# SIig 2022



## Juicy (Jan 7, 2010)

Went and shot my new sp2022 its awesome and dead accurate I love it best gun I think I've had so far, I put 200 rounds through it without issue. It truly a great weapon I'm looking in to get a Sig556 its looks turn me on.


----------



## Hollander (Feb 2, 2009)

Congrats on the acquisition. I also have the 2022. I agree it is a nice gun, however, I have a couple of others I enjoy more. I bought because of the sig name and the price at the time. It makes a nice house gun or nightstand gun. Enjoy and be safe.


----------



## SaltyDog (Jan 1, 2009)

I like the looks of the P2022 and would get one but I'm currently in the market for a shotgun.

Also the Sig 556 is a sweet looking evil black gun but I would shop around.

My suggestion would be the LWRC rifle. Prejudiced because I have one but it is a deal for what is offered - short stroke piston, hammer forged barrels with NiCorr treatment, and nickel coated bolts.
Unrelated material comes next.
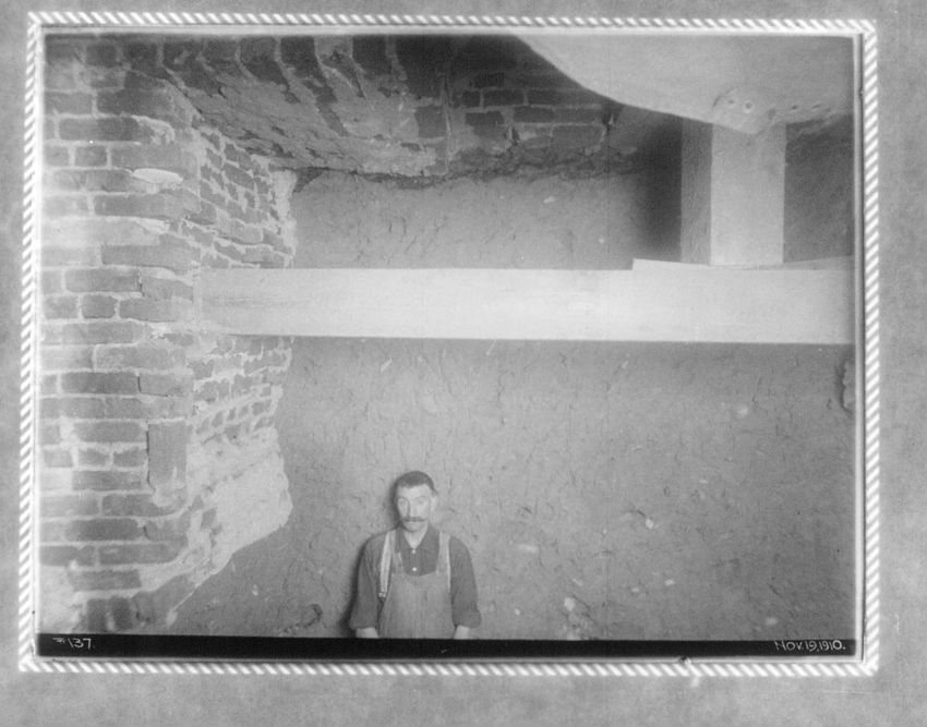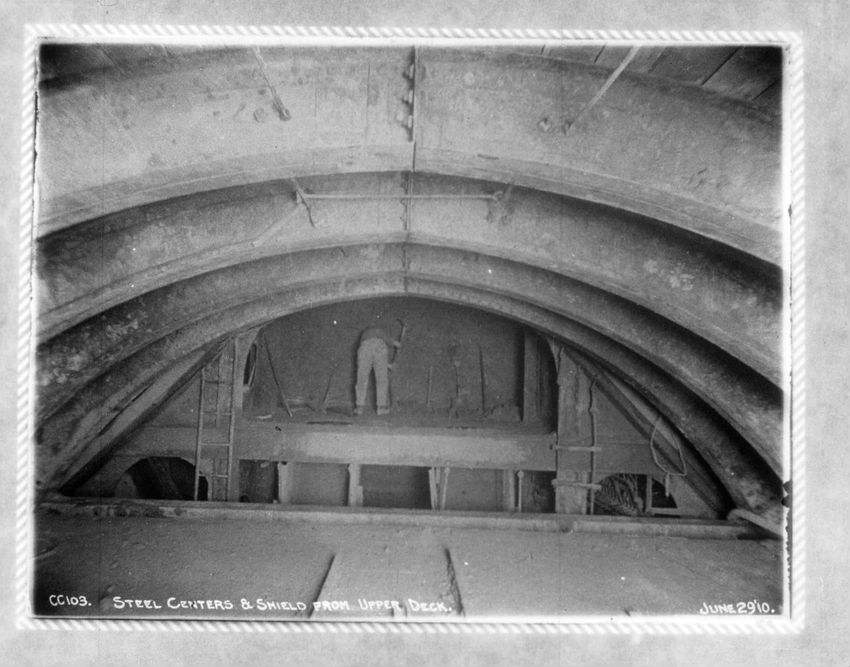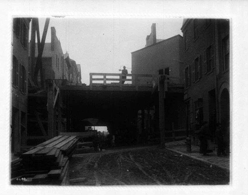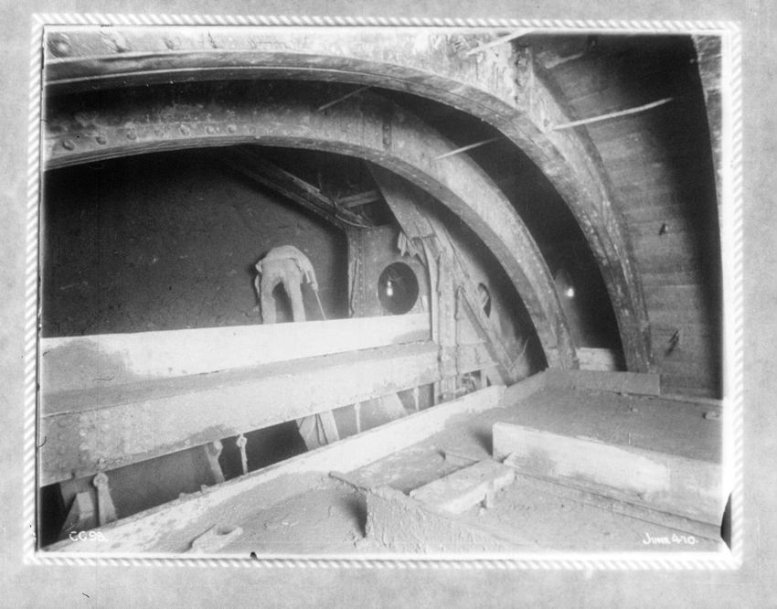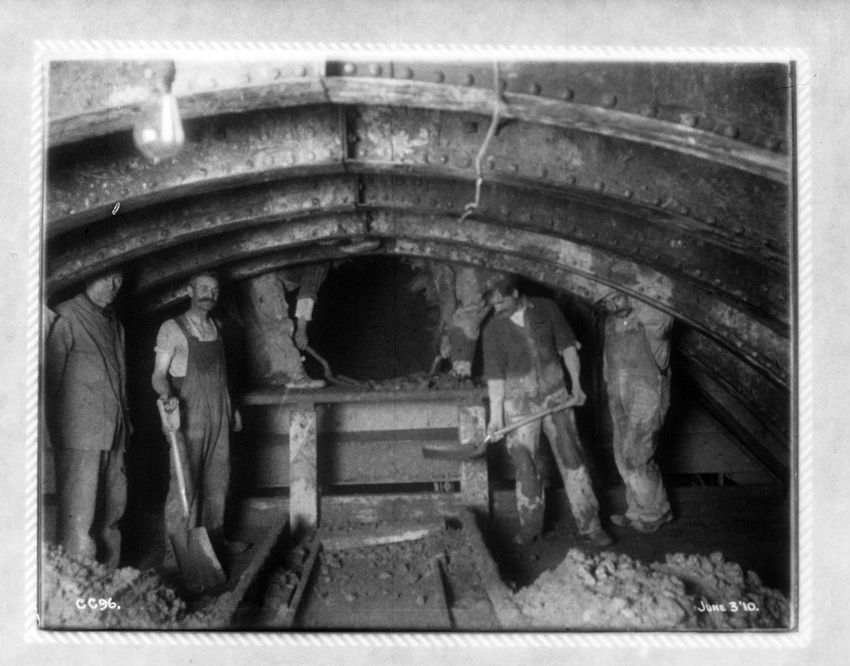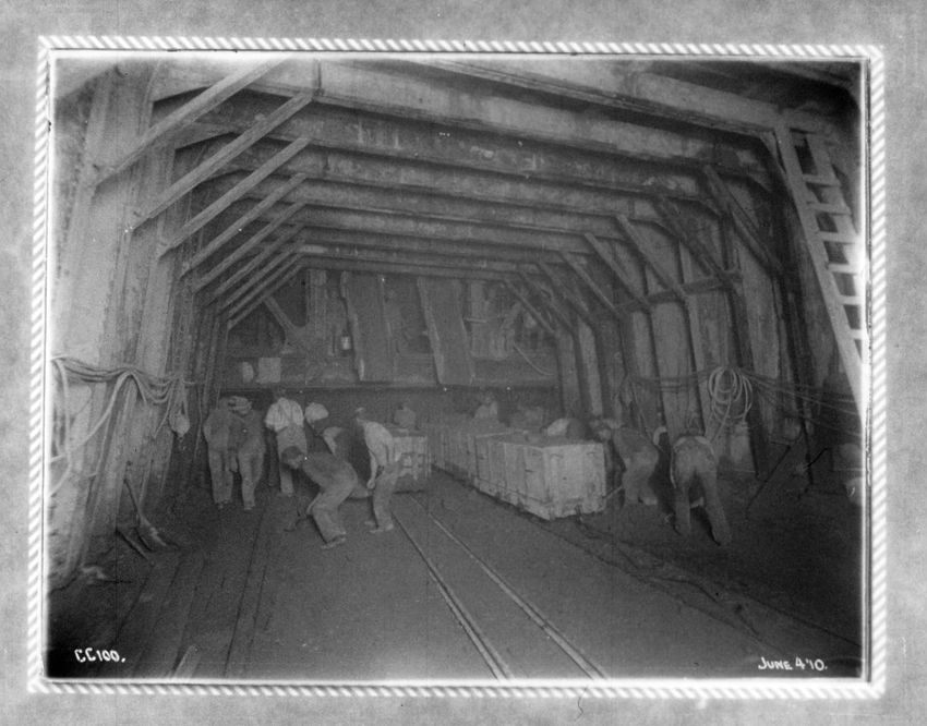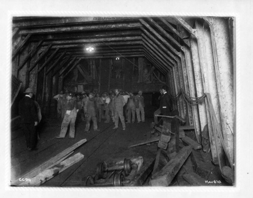 Supporting a 30" water pipe over the tunnel during construction, looking n. w.

http://www.lwrci.com/t-technology.aspx


----------



## Koop (Nov 13, 2009)

Yeah, I have an affinity for SIG. I have 3, SP2022, P226 Navy and P239. I love them all. Recently I had an irresistible impulse to buy an AR type gun. I was close to buying the SIG 556, but after a couple of months of research (which lead me to a piston operated gun) I did the unthinkable...I bought a Ruger. The SR556 is a fantastic gun.


----------



## group17 (Jan 4, 2010)

Juicy Nice!
The weather warmed up enough to take my new "used" Sig2022 to the range on Saturday and put 5 mags (60 rounds) of WWB & Remington FMJ through it at 30 ft. Took a little time to get use to the DAO but I am very happy with the pistol. No problems with the function of the gun at all. The nose did like to flip up on firing till I brought my outside index finger up to grip the top of the trigger guard. I see why people like Sigs. This 2022 is a keeper. They are fun to shoot.


----------



## Growler67 (Sep 8, 2008)

Looks like you are using a "six o'clock low" hold with your sight picture. The general rule with SiG sights is to superimpose the front sight dot where you want the bullet to impact. "Place the dot on the shot".


----------



## archull (Dec 21, 2009)

I think for the bang for the buck the SP2022 is a great gun. I bought mine when CDNN had a sale on them and picked it up for $400 shipped. Thats half the price of some of the other sigs I have been using.


----------



## Juicy (Jan 7, 2010)

Thank you guys for posting and letting me know how yall felt about the 2022 I've got some crimson trace laser grips in mind and a tac light but I've also got a nice .308 in my sights that I want, ask for the Ar type rifle I kind of wanted to keep it sig you know what I mean but you gave me some good Ideas that I will keep in mind.


----------